* _What you will do_:
What is needed is an exact reproduction of the lines from the one that contains "tu devrais ptête" through the end of the data, both included and nothing else, with pictures omitted.

* _The data_:
★ ★ ★
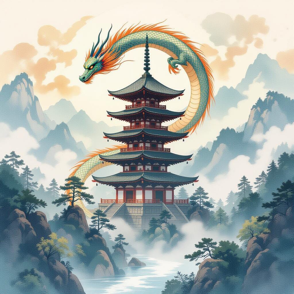 This image shows a dragon in flight around a pagoda, set against misty mountains and forests. The artwork evokes traditional Japanese prints, with shimmering scales and delicate watercolor textures.
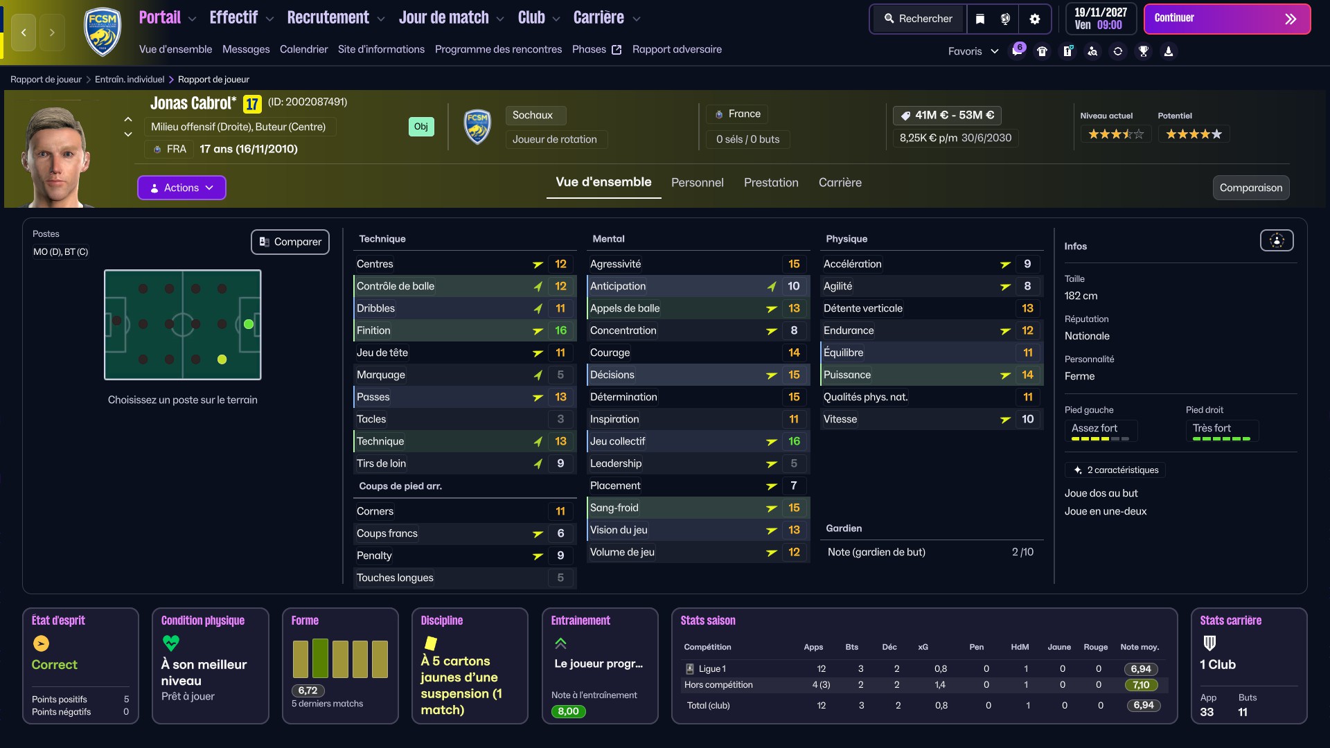 tu devrais ptête essayer le 4 5 1 avec 2 latéraux qui montent pas trop, un gros milieu à 3 bien dense, 2 ailiers intérieurs qui gravitent autour de ton Cabrol en pivot qui travaille son jeu de tête à mort à l’entrainement
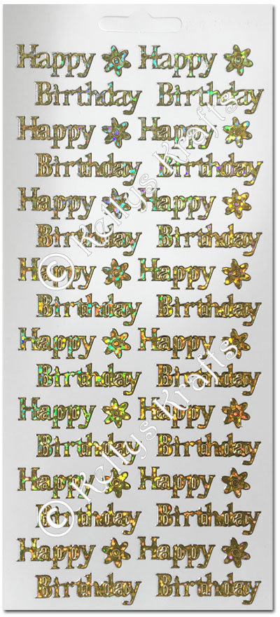 Happy Birthday, Gold Holograph Peel Off Stickers (1 sheet)
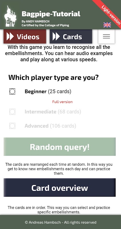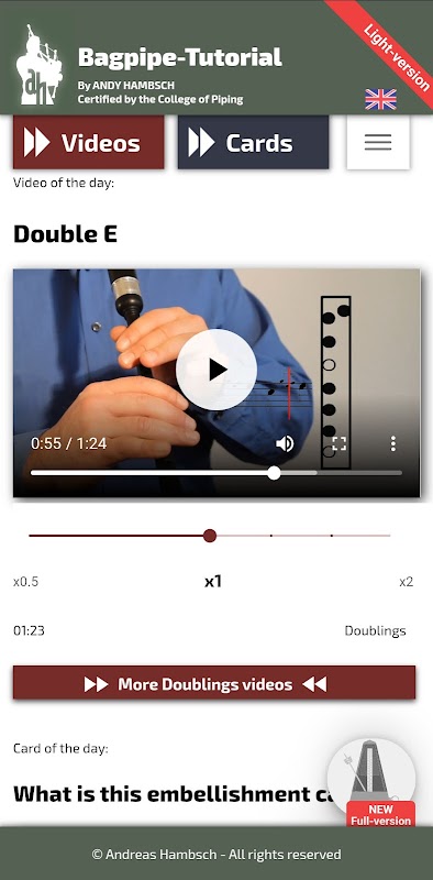 This Bagpipe-Tutorial-App by Andreas Hambsch is a milestone in the teaching of the Scottish bagpipes. Easily understandable and thorough, it is a worthwhile investment for anyone interested in piping. The Bagpipe Tutorial book, also by Andreas Hambsch, is an ideal supplement.
★ ★ ★
* _Exercise output_:
 tu devrais ptête essayer le 4 5 1 avec 2 latéraux qui montent pas trop, un gros milieu à 3 bien dense, 2 ailiers intérieurs qui gravitent autour de ton Cabrol en pivot qui travaille son jeu de tête à mort à l’entrainement
 Happy Birthday, Gold Holograph Peel Off Stickers (1 sheet)
 This Bagpipe-Tutorial-App by Andreas Hambsch is a milestone in the teaching of the Scottish bagpipes. Easily understandable and thorough, it is a worthwhile investment for anyone interested in piping. The Bagpipe Tutorial book, also by Andreas Hambsch, is an ideal supplement.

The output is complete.